Etoga Messina François :
Exactement. Ce qui était censé être un mouvement de défense des droits et des libertés de la population camerounaise, en particulier de la jeunesse, est devenu un instrument de division, de radicalisation et de violence. La façon dont ils se sont impliqués dans les affaires internes des artistes, des jeunes et des intellectuels, en stigmatisant ceux qui ne partagent pas leur idéologie, prouve leur dérive. Il ne s’agit plus de faire entendre un message pacifique, mais de forcer l’opposition par tous les moyens possibles, même si cela implique la manipulation et la violence verbale ou physique.

 

Guy Ekwalla :
Il semble que la BAS ait pris le rôle d’un « juge » et d’un « bourreau » dans une guerre idéologique qui est loin d’être bénéfique pour l’avenir du pays.
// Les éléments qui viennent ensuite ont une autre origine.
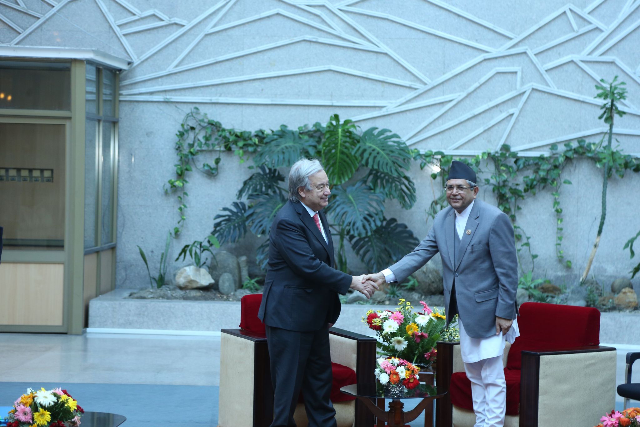 काठमाडौं, १२ कात्तिक । नेपालको भ्रमणमा रहेका संयुक्त राष्ट्र संघका महासचिव एन्टिनियो गुटेरेसले प्रतिनिधिसभाका सभामुख देवराज घिमिरेसँग भेटवार्ता गरेका छन् । सो क्रममा सभामुख घिमिरेले व्यस्तताबीच नेपाल भ्रमण गरेकोमा स्वागत गर्दै नेपाली जनता, नेपालको संसद र व्यक्तिगतरुपमा तपाईंको नेपाल भ्रमणको सफलताको शुभकामना व्यक्त गरे ।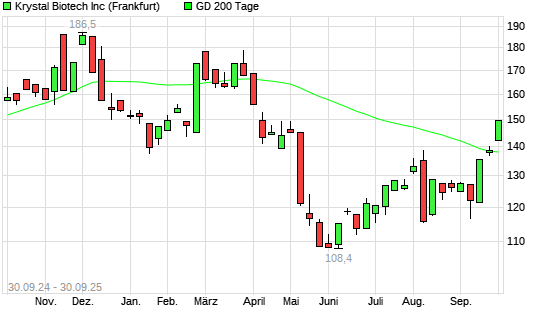 Mit dem Anstieg auf 142,50 EUR hat die Krystal Biotech-Aktie am 29.09.2025 die 200-Tage-Linie nach oben gekreuzt.

Pensez-vous que la diaspora, dans son ensemble, peut se défaire de l’influence de groupes comme la BAS et retrouver un dialogue constructif avec les institutions camerounaises ?

Etoga Messina François :
C’est une excellente question. Je pense que tout dépend de l’engagement de la diaspora elle-même et de sa capacité à distinguer les vrais enjeux des querelles politiques futiles. Oui, il y a des raisons de s’opposer au gouvernement, mais la manière de le faire doit être réfléchie et responsable. La diaspora doit redevenir un acteur clé dans l’unité nationale, plutôt qu’un facteur de division supplémentaire.
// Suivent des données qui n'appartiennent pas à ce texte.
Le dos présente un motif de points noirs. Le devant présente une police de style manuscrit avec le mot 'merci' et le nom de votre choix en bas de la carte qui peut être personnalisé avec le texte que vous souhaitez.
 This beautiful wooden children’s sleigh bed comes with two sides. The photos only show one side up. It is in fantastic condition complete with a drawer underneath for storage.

Il faut aussi une prise de conscience de la part des jeunes, notamment ceux qui soutiennent aveuglément la BAS, sur les véritables conséquences de cette radicalisation. L’isolement de la diaspora et le discours haineux qui s’y répand ont des impacts concrets, à la fois pour leur image et pour l’avenir du Cameroun. Il est crucial qu’un dialogue ouvert, basé sur des idées et non sur des insultes et des actes de violence, prenne forme.

La diplomatie camerounaise doit aussi jouer un rôle majeur ici, en prenant le temps de s’ouvrir à cette diaspora, en valorisant les initiatives positives et en créant des ponts pour un dialogue apaisé.

 

Guy Ekwalla :
Mais comment parvenir à ce dialogue quand des groupes comme la BAS continuent à opposer un front de plus en plus dur ?

Etoga Messina François :
Il y a un processus long à mettre en place. Tout d'abord, il faut reconnaître que la diaspora, à travers les nouvelles générations, est très influencée par les récits de résistance à l’oppression. Mais ces récits sont souvent tronqués ou déformés par des idéologies extrêmes. La véritable résistance, celle qui porte des solutions constructives, n’a pas la visibilité qu’elle mérite. Il faut alors travailler sur un contre-discours qui valorise les efforts de paix et de construction du pays, tout en tenant compte des frustrations réelles.

L'objectif ici n’est pas de nier les injustices ou de minimiser les défis auxquels sont confrontés les Camerounais, mais de proposer une alternative pacifique à la confrontation systématique.

Il existe des alternatives, mais elles nécessitent une volonté de changer de paradigme et d'accepter que ce pays, plus que tout autre, a besoin de réconciliation et de coopération pour progresser.

 

Guy Ekwalla :
Nous avons donc un travail de reconstruction à faire, tant au niveau interne que diplomatique, pour sortir de ce cycle de violence idéologique et d’opposition systématique.

Etoga Messina François :
Absolument. Le Cameroun est un pays de transition, un carrefour entre plusieurs visions du monde et plusieurs systèmes politiques. Si les Camerounais arrivent à trouver un terrain d’entente, à transcender leurs différences, et à rétablir un dialogue sincère, alors nous pourrons espérer sortir de ce cycle de polarisation. Mais il faudra aussi faire face à une réalité difficile : la BAS et ses partisans ne vont pas disparaître du jour au lendemain. Ce combat est long, et il exigera de tous un sens de responsabilité et de la patience. Le chemin de la réconciliation commence par la vérité et le respect mutuel.

 

Guy Ekwalla :
Je vous remercie pour cette analyse précise et vos éclairages sur la situation actuelle. L’avenir du Cameroun dépend effectivement de cette capacité à dépasser les clivages et à construire un véritable projet commun. Merci encore pour votre présence ce soir, et à bientôt.

Etoga Messina François :
Merci à vous, Guy. C’est un plaisir de pouvoir partager ma réflexion avec vos téléspectateurs.